6.     Definisi Tentang hukum Pengangkutan
          Hukum pengangkutan tidak lain ialah : Sebuah perjanjian timbal-balik, pada mana pihak pengangkut mengikat diri untuk menyelenggarakan pengangkutan barang dan/atau orang ke tempat tujuan tertentu,sedangkan pihak lainnya (pengirim-penerima; pengirim atau penerima ;penumpang) berkeseharusan untuk menunaikan pembayaran biaya tertentu untuk pengangkutan tersebut.

7.     Sifat-sifat Hukum Pengangkutan
         Menurut pasal-pasl 1601 b.bsd 1604 dan seterusnya.KUH Perdata. Dapat dikemukakan bahwa pada pemborongann itu menurut redaksi pasal 1601 b sendiri pihak pemborong harus menciptakan sesuatu tertentu (=een bepaald werk totstand to brengen) bagi pihal yang memborongkan (aanbesteder), jadi sebuah benda baru (gedung,terusan,jalan kereta api, dan sebagainya) yang tadinya belum ada,kenyataannya sukar dapat di gunakan pada pengangkutan,dalam mana sama sekali tidak diperjanjikan perwujudan benda baru,melainkan pengangkut yang baik akan sekeras-kerasnya berusaha,supaya benda-benda muatan yang dipercayakan kepadanya secara utuh dan lengkap,tak berubah (tidak rusak atau berkurang)sampai di tempat tujuan. Pendapat ini banyak yang menolak,antaranya polak II bagian pertama (1920) hal 8.
Di dlam Code Civil di Prancis pun dengan tegas diperbedakn antara perjanjian pengangkutan dan pemborongan,bahkan mengenai perjanjian pengangkutan barang dan orang diatur tersendiri didalam Code Civil itu,yaitu dalam pasal-pasal 1782-1786,pasal-pasal mana kemudian dengan perubahan dioper di dalam W.v.K. di Nederland,pasal-pasal 91 dan seterusnya (sama dengan pasal-pasal 91 dan seterusnya di dalam KUHD sekarang),jadi tidak di oper di dalam B.W> di Nederland.

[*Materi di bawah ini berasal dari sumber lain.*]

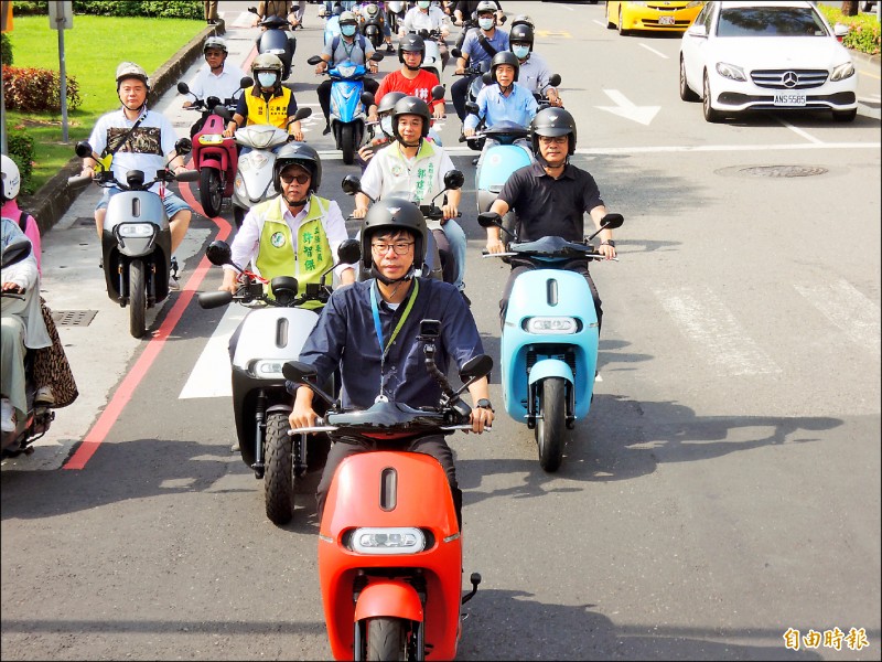 高雄市長陳其邁昨騎電動機車體驗路平成果。(記者王榮祥攝)

Teranglah bahwa pengangkutan barang dan/atau orang merupakan pekerjaan tertentu yang harus dipenuhi terhadap pihak yang memerlukan akan pekerjaan itu dengan pemberian upah. Pekerjaan tersebut dilakukan pada waktu-waktu yang diperlukan,walaupun apabila pengangkut menunaikan prestasinya secara baik, pembutuh-pembutuh pengangkutan mungkin akan tetap memakai perusahaan pengangkutan tertentu yang kenamaan. Pada umumnya hubungan hukum antara pengangkut dengan pihak yang memakainya itu adalah bermacam-macam yaitu sama tinggi-sama rendah atau kedua belah pihak adalah ‘’gecoordineerd’’. Tidak ada imbangan majikan terhadap buruh (atasan terhadap bawahan) atau imbangan ‘’gesubordineerd’’ pada hubungan hukum antara pemakai pengangkutan dan pengangkut. Karena itu sifat perjanjian pengangkutan adalah sebuah perjanjian untuk melakukan pelayanan (atau jasa) berkala (een overeenkomsttot het verrichten van enkele diensten),pasal 1601 KUHPerdata.
Yang berpendapat demikian adalah Polak,bagian pertama (1920),halaman 7; Molengraaf,jilid IV (9) halaman 906; Volmar I (8), halaman 202. Sebagai diuraikan diatas, penulis sendiri berpihak kepada penulis-penulis ternama itu.
Untuk mengadakan system hukum yang sampai sekarang masih berlaku di Indonesia, untuk mengadakan perjanjian pengangkutan barang atau orang tidak diisyaratkan harus secara tertulis. Jadi cukup diwujudkan dengan persetujuan kehendak secara lisan saja. Dalam pengangkutan barang menyebrang, yaitu dalam perjanjian pemuatan;masing-masing pihak,yaitu penyediaan kapal (vervracter) dan pemakai penyedian kapal (bervrachter),dapat diminta supaya dibuat akte yang dinamakan charterparty (pasal 454 KUHD). Baik akte ini, maupun surat angkutan (vrachtbrief) dalam pasal 90 KUHD, merupakan surat-surat bukti,bukan untuk mengadakan perjanjian sebagai demikian.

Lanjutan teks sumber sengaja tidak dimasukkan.